*** MATERIAL FOR THIS TASK ***

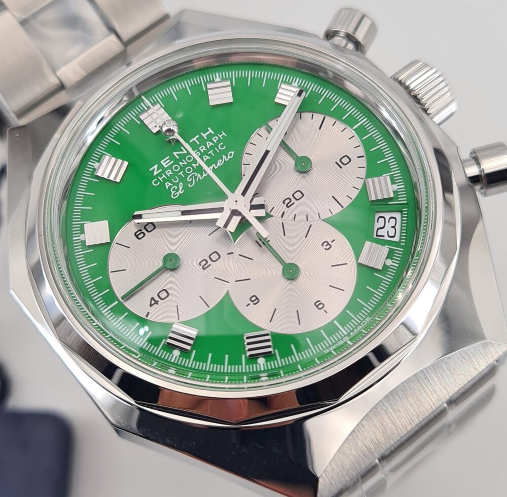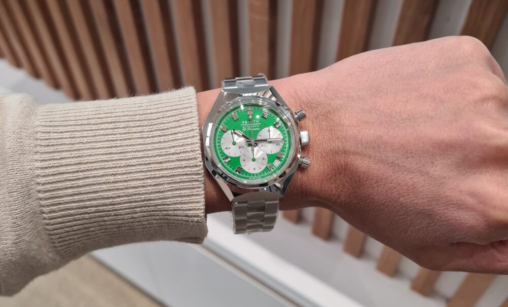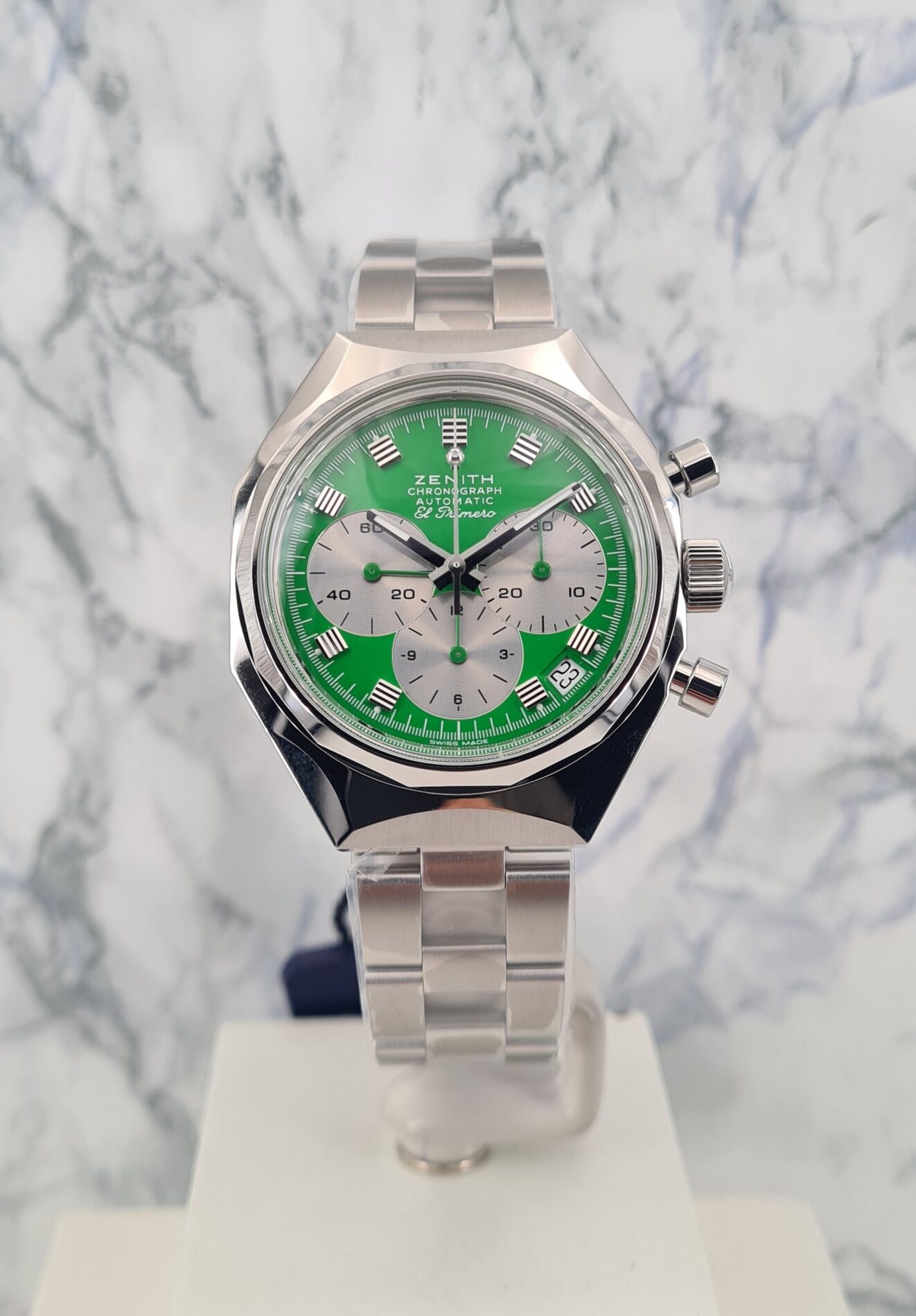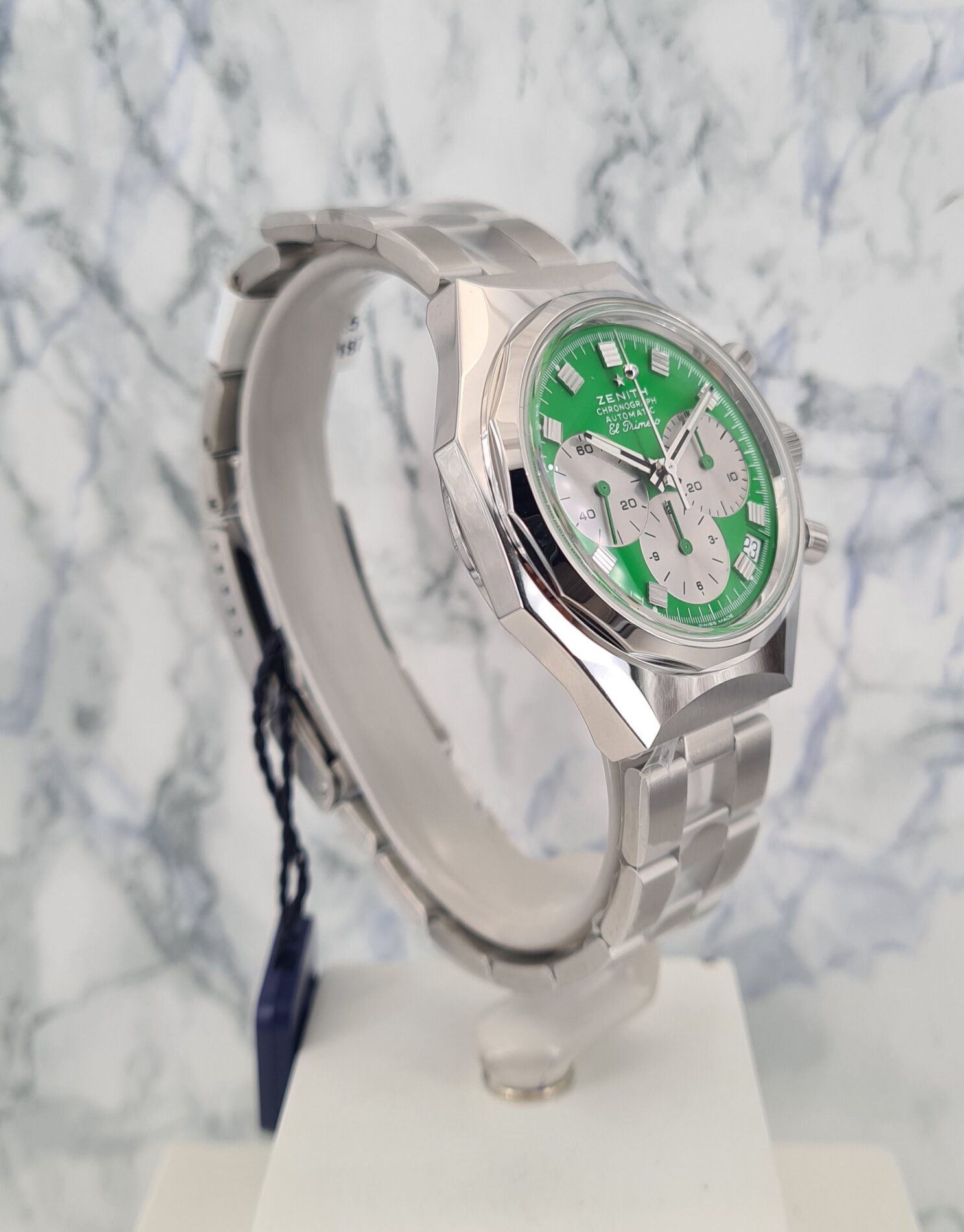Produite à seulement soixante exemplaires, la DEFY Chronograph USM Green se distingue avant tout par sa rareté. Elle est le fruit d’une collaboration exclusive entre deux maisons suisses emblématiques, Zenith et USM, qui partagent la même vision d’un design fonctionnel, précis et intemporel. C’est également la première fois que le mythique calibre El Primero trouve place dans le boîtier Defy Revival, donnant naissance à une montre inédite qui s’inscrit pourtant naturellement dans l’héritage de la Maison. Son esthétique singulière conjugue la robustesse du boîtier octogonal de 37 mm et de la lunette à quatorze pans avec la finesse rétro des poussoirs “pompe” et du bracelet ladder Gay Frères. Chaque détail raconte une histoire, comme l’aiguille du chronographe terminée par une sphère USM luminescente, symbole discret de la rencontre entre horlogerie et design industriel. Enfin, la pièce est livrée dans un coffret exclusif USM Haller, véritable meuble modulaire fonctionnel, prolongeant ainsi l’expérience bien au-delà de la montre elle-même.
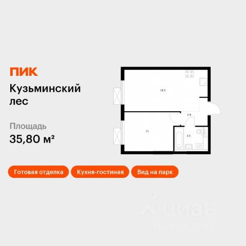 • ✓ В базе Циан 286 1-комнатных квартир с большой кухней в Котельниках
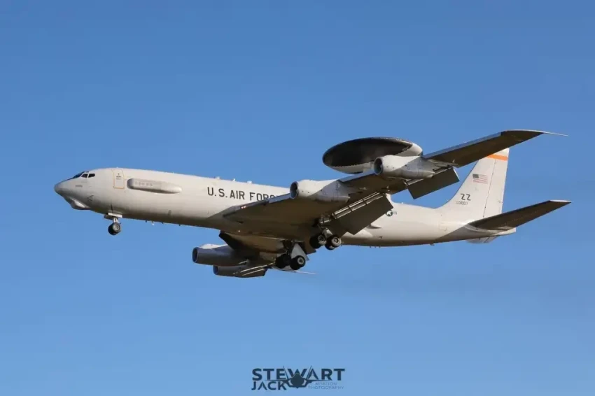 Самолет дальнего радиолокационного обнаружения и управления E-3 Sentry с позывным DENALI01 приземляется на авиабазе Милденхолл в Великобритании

*** End of MATERIAL FOR THIS TASK ***
*** MATERIAL FOR THIS TASK ***

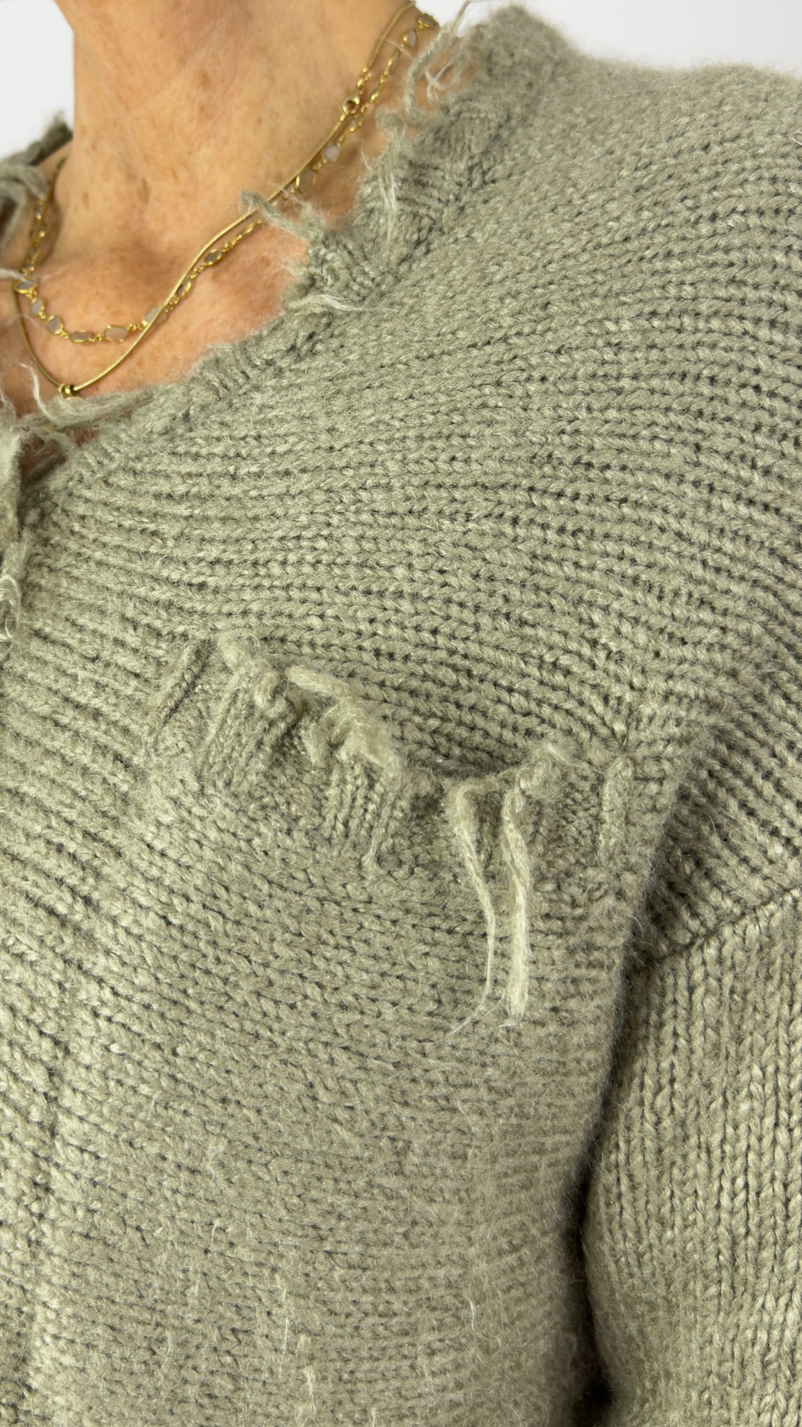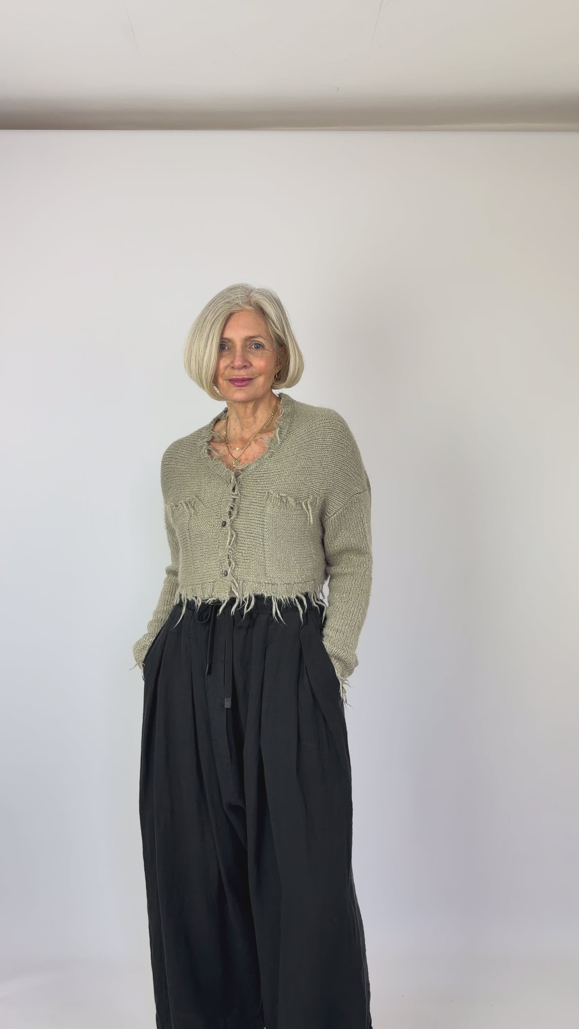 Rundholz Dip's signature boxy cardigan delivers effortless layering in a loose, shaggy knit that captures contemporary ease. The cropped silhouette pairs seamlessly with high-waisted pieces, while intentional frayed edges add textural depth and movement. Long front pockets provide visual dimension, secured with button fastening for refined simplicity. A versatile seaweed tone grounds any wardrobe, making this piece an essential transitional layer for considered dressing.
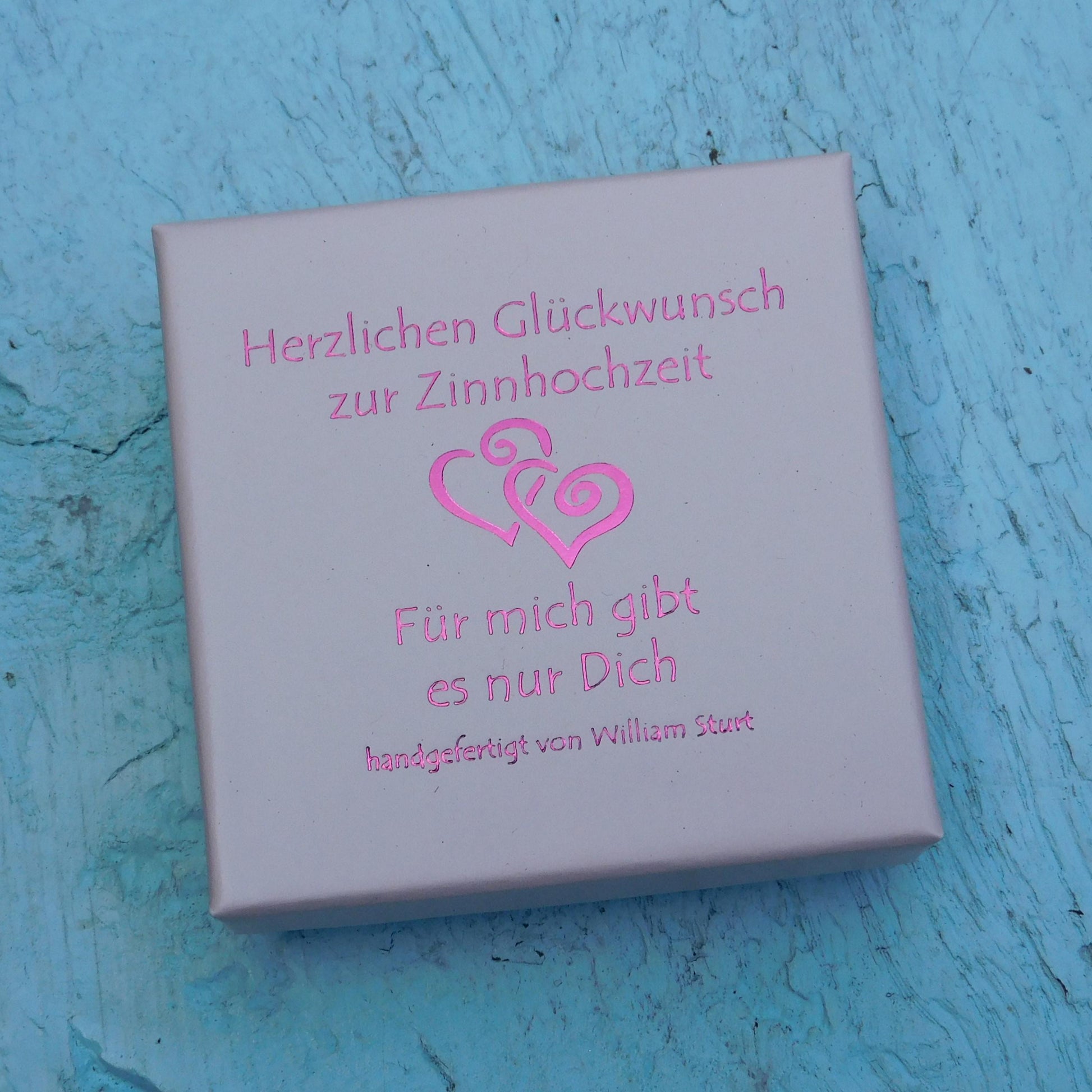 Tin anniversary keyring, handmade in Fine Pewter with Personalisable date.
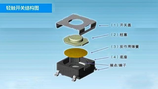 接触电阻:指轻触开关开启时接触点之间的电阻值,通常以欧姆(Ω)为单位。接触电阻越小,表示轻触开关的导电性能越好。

*** End of MATERIAL FOR THIS TASK ***
*** MATERIAL FOR THIS TASK ***

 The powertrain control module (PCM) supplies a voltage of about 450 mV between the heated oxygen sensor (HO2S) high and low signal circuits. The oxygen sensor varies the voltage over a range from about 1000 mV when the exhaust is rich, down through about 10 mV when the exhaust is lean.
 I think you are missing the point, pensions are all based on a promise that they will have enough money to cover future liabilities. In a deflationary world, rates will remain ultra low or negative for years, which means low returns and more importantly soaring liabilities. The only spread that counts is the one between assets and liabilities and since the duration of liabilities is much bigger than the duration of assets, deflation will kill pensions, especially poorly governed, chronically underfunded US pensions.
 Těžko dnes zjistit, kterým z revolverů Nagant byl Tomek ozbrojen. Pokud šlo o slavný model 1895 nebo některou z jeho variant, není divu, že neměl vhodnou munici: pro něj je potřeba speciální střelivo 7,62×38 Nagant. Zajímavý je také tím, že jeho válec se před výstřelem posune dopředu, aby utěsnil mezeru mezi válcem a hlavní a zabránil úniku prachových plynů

*** End of MATERIAL FOR THIS TASK ***

**EXERCISE AIM**
Starting at the line containing "Produite à seulement" and stopping at the line containing "Самолет дальнего радиолокационного", output each line exactly as it appears above. Leave out the pictures.

**RESULT FOR THIS TASK**
Produite à seulement soixante exemplaires, la DEFY Chronograph USM Green se distingue avant tout par sa rareté. Elle est le fruit d’une collaboration exclusive entre deux maisons suisses emblématiques, Zenith et USM, qui partagent la même vision d’un design fonctionnel, précis et intemporel. C’est également la première fois que le mythique calibre El Primero trouve place dans le boîtier Defy Revival, donnant naissance à une montre inédite qui s’inscrit pourtant naturellement dans l’héritage de la Maison. Son esthétique singulière conjugue la robustesse du boîtier octogonal de 37 mm et de la lunette à quatorze pans avec la finesse rétro des poussoirs “pompe” et du bracelet ladder Gay Frères. Chaque détail raconte une histoire, comme l’aiguille du chronographe terminée par une sphère USM luminescente, symbole discret de la rencontre entre horlogerie et design industriel. Enfin, la pièce est livrée dans un coffret exclusif USM Haller, véritable meuble modulaire fonctionnel, prolongeant ainsi l’expérience bien au-delà de la montre elle-même.
 • ✓ В базе Циан 286 1-комнатных квартир с большой кухней в Котельниках
 Самолет дальнего радиолокационного обнаружения и управления E-3 Sentry с позывным DENALI01 приземляется на авиабазе Милденхолл в Великобритании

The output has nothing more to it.